Warning: This library includes all items relevant to health product marketing that we are aware of regardless of quality. Often we do not agree with all or part of the contents.

 

Publication type: Journal Article

Shankar PR, Piryani RM
Medical education and medical educators in South Asia - a set of challenges.
J Coll Physicians Surg Pak. 2009 Jan; 19:(1):52-6
http://www.ncbi.nlm.nih.gov/pubmed/19149982


Abstract:

South Asia has vast unmet health needs especially in rural areas. Community-based medical education can partly address these needs and can serve to introduce students to a number of community health problems. Climate change has the potential to produce major challenges for health and food security in South Asia.
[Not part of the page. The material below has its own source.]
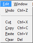 For example, in the following menu all menu items have accelerator keys: the accelerator key is U for Undo, T for Cut, and so on. New, Undo, Cut, Copy, Paste, and Clear each have shortcut keys: the Ctrl key in combination with another key or keys.

Medical students should be taught about climate change and methods to tackle its impact on health. The pharmaceutical industry in South Asia aggressively promotes their products. Disease mongering is becoming more common in South Asia. Educational initiatives to sensitize students regarding promotion are common in developed countries. In Nepal, an educational initiative critically looks at the industry’s promotional tactics. Similar initiatives are required in other medical schools. The nature of the doctor-patient relationship is changing. An increasing demand for patient autonomy and for their involvement in therapeutic decisions is seen. Access to the internet and internet sources of health information is increasing. Medical schools should address these issues as well. Medical Humanities modules and courses in communication skills are required. Research can play an important role in alleviating the health problems of South Asia. Students should be taught the basics of scientific research and student research should be strongly encouraged.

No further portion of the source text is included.